COUR D’APPEL DE [Localité 12] TRIBUNAL JUDICIAIREDE NIORT Juge de l’exécution - Saisies immobilières

N° RG 23/00069 - N° Portalis DB24-W-B7H-EC6M

Minute n°25/9

Le 1 exécutoire et expédition à Me Jean louis BELOT 1 expédition à la SCP MONTAIGNE AVOCATS (Me Paul MAILLARD) ; la SAS AVODES (Me Sébastien REY) 1 copie dossier

JUGEMENT D’ORIENTATION DU 03 MARS 2025

- AUTORISATION DE VENTE AMIABLE -

A l’audience publique du juge de l’exécution du tribunal judiciaire de Niort, tenue le dix huit novembre deux mil vingt quatre, à dix heures, par Christelle DIDIER, Vice-présidente, juge de l’exécution, assistée de Pauline MENANTEAU, Greffière,

a été évoquée l’affaire opposant :

DEMANDERESSE :

CAISSE DE CREDIT MUTUEL DE [Localité 10] inscrite au RCS de [Localité 9] sous le n°D 781 305 198 dont le siège social est situé [Adresse 1] représentée par Me Jean louis BELOT, avocat au barreau de DEUX-SEVRES

CRÉANCIER POURSUIVANT

DEFENDEURS:

Monsieur [T] [M] époux [S] de nationalité Française [Adresse 4] [Localité 8] représenté par Maître Paul MAILLARD de la SCP MONTAIGNE AVOCATS, avocats au barreau de DEUX-SEVRES

Madame [Y] [S] de nationalité Française [Adresse 4] [Localité 8] représentée par Maître Paul MAILLARD de la SCP MONTAIGNE AVOCATS, avocats au barreau de DEUX-SEVRES

DÉBITEURS SAISIS

CREANCIERS INSCRITS :

SCI FRANCAIS MIGAUD, inscrite au RCS de [Localité 11] sous le n°523 174 035 dont le siège social est situé [Adresse 3], représentée par Maître Sébastien REY de la SAS AVODES, avocats,

TRESOR PUBLIC, Centre des finances pubiques des Deux-[Localité 15] [Adresse 2] [Localité 7], non comparant

EXPOSE DU LITIGE

Le 17 août 2023, la Caisse de Crédit Mutuel de [Localité 10] (le créancier) a fait signifier à Monsieur [T] [M] et Madame [Y] [S] épouse [M] (le débiteur), un commandement de payer la somme totale de 55218,32 euros, portant intérêts au taux nominal de 4,08 % l’an, en vertu de la copie exécutoire d’un acte de prêt reçu le 16 juin 2011, par Maître [Z] [L], notaire associé à [Localité 11] (79).

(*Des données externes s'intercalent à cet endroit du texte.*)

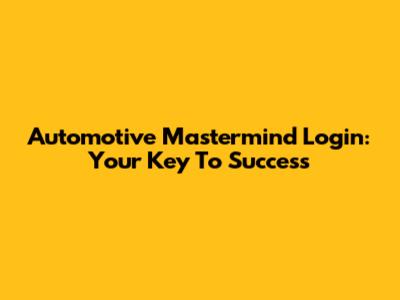 Automotive Mastermind Login: Your Key To Success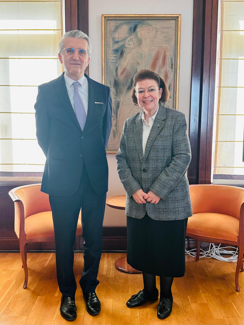 Σε ό,τι αφορά τη συνάντηση με τον Πρέσβη της Τουρκίας, Çağatay Erciyes, η Υπουργός αναφέρθηκε στα συμφωνηθέντα με τον Υπουργό Πολιτισμού και Τουρισμού της Τουρκίας, Mehmet Ersoy, στο πλαίσιο του Ανώτατου Συμβουλίου Συνεργασίας, καθώς και στους τρόπους υποστήριξης της υλοποίησής τους. Σε συνέχεια της υπογραφής Μνημονίου Κατανόησης στην Άγκυρα, για συνεργασία στον πολιτισμό —που περιλαμβάνει δράσεις τόσο για την πολιτιστική κληρονομιά, όσο και για τον σύγχρονο δημιουργικό τομέα— συμφωνήθηκε η διοργάνωση συνεδρίου στην Καππαδοκία, με τη συμμετοχή εμπειρογνωμόνων από τις δύο χώρες. Το συνέδριο θα επικεντρωθεί στην ανταλλαγή εμπειριών και τεχνογνωσίας σχετικά με τη συντήρηση μνημείων, όλων των ιστορικών περιόδων, καθώς και στην αντιμετώπιση της παράνομης διακίνησης αρχαιοτήτων. Αντίστοιχη διοργάνωση προβλέπεται να πραγματοποιηθεί και στην Ελλάδα, το προσεχές Φθινόπωρο. Τέλος, εξετάστηκε η προοπτική ανταλλαγής περιοδικών εκθέσεων. Από τουρκικής πλευράς προτάθηκε η παρουσίαση της έκθεσης για τον προϊστορικό αρχαιολογικό χώρο Göbekli Tepe, που τώρα εκτίθεται στο Κρατικό Μουσείο του Βερολίνου, ενώ από ελληνικής πλευράς προτάθηκε η έκθεση «Οι Αμέτρητες Όψεις του Ωραίου» του Εθνικού Αρχαιολογικού Μουσείου η οποία έχει παρουσιαστεί σε σημαντικούς διεθνείς προορισμούς, με μεγάλη επιτυχία.

Ce commandement valait saisie immobilière d’un immeuble à usage d'habitation situé à [Adresse 14], cadastré section AL n °[Cadastre 5] et AL n °[Cadastre 6], d’une contenance totale de 00 ha 03 a 65 ca.

Le commandement a été signifié à personne pour les deux débiteurs.

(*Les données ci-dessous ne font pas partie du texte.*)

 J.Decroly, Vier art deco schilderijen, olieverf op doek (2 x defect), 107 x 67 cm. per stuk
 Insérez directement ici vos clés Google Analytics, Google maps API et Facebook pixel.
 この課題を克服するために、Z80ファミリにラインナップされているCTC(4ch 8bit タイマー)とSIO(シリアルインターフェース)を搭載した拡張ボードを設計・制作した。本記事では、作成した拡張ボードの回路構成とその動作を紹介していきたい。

Il a été publié au service de la publicité foncière de [Localité 11] 1 le 06 octobre 2023 au volume 2033 S n °41.

Par acte du 30 novembre 2023, la Caisse de Crédit Mutuel de Marans a fait assigner Monsieur [T] [M] et Madame [Y] [S] épouse [M] devant le juge de l’exécution de ce tribunal à l’audience d’orientation du 12 février 2024, aux fins de voir notamment constater sa créance liquide et exigible en vertu d’un titre exécutoire, fixer sa créance à la somme de 55 218,32 euros en principal, frais et autres accessoires, dire la saisie régulière et ordonner la vente aux enchères publiques de l’immeuble désigné.

Cette assignation a été signifiée à personne pour Madame [Y] [M] épouse [S] et à domicile pour Monsieur [T] [M].

Le 5 décembre 2023, le créancier poursuivant a déposé au greffe un cahier des conditions de vente comportant l’état descriptif de l’immeuble et les modalités de la vente, accompagné d’une copie de l’assignation délivrée aux débiteurs, ainsi que d’un état hypothécaire certifié.

Par actes signifiés les 4 décembre 2023 à domiciles élus, le commandement de payer a été dénoncé à la SCI FRANCAIS MIGAUD et au Trésor Public de NIORT, créanciers inscrits, assignés à comparaître à cette même audience.

Le 1er février 2024, la SCI FRANCAIS MIGAUD a constitué avocat en la personne de Maître Sébastien REY, avocat au barreau de ce tribunal et a déclaré sa créance au greffe pour la somme de 24 167,77 euros.

À l’audience d’orientation du 12 février 2024, le dossier a été renvoyé à l’audience du 13 mai 2024 dans l’attente du résultat de la demande d’aide juridictionnelle formulée par les débiteurs, puis l’affaire a été successivement renvoyée jusqu’à l’audience du 18 novembre 2024 pour mise en état des parties.

Par conclusions signifiées électroniquement le 14 novembre 2024, les époux [M] ont soulevé une fin de non recevoir tirée de la prescription de la créance du Crédit Mutuel, qu’ils considèrent soumise à la prescription biennale de l’article L 218-2 du code de la consommation, faisant valoir dans un premier temps que cette prescription était acquise depuis le 24 juin 2022 puis après réponse du poursuivant sur ce point s’en rapportant à justice.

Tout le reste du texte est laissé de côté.